For all that Sound&Fury’s technical trickery dazzles, however, it never overwhelms with its own showmanship. Instead, it supports the attractive tension at play in the piece between the intimate and the unimaginably vast, impressing us with wide blankets of stars before the next moment enclosing Mackay in a tiny pool of light. Both narrative and design stage this constricting process, this drawing in of one’s own personal world against the inconceivably huge backdrop of the universe, a process equally conjured by our own individual, insulating cocoons of darkness. That impossible smallness that is felt when contemplating the seemingly endless reaches of space is replicated here, but without undermining the small-scale tragedy of Max’s encroaching blindness.
Like the processes by which stars produce the stuff of existence, every element in Sound&Fury’s production is inextricably wedded to those around it. While Hattie Naylor’s text, for instance, is tender, moving and often poetic in its charting of Max’s loss of sight and the impact this has on his relationship with his young son, it cannot be divorced from the other production elements with which it is intertwined. The father son relationship is lent added poignancy by the physical absence of the son from the stage, simply conjured by a recorded voice; the snatches of astronomy lectures that punctuate the piece rely upon Dick Straker’s projections to produce meaning; the distinct scenes and words of the script are structurally dependent on the wordless interludes that separate them.
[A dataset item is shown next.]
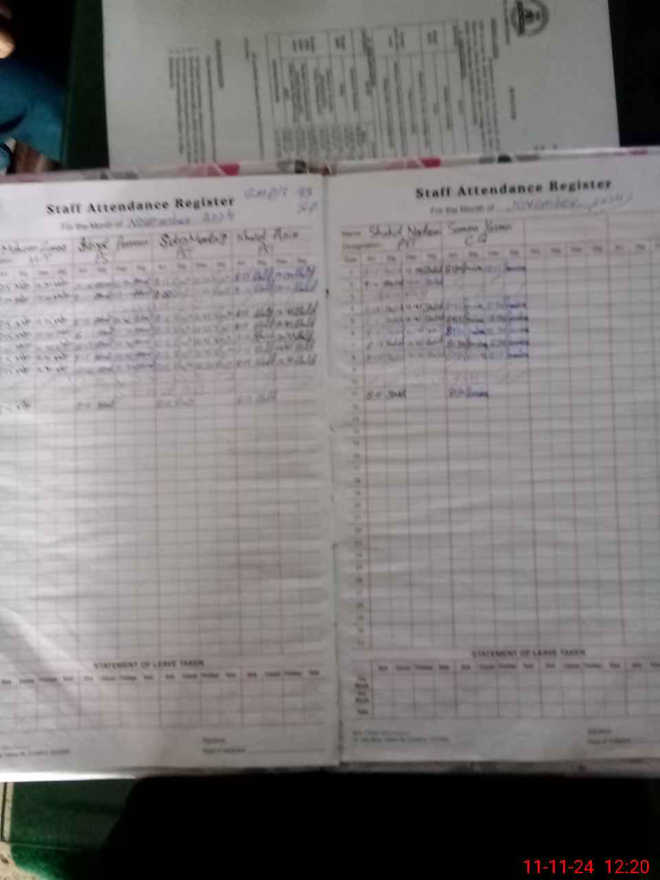 | CNIC | Full Name | Designation | R/C | Absence During Last Calender Month |

As our usual ways of visually experiencing theatre are frustrated or challenged, the aesthetic of the piece forces us to adapt and sharpen our other senses, mirroring the struggle that Max is in the midst of. Seeing, he explains to us, is just a matter of electrical impulses being received by the eye. It is only through the brain that this is translated into understanding, creating a perception of the world that conforms to what we have evolved to need; what we “see” is just a grainy, limited snapshot. Through an intimate focus, Going Dark invites us to accept the limits of our own perception while at the same time asking questions that imagine the much wider picture. The implication is that we, like Max, might need new ways of seeing.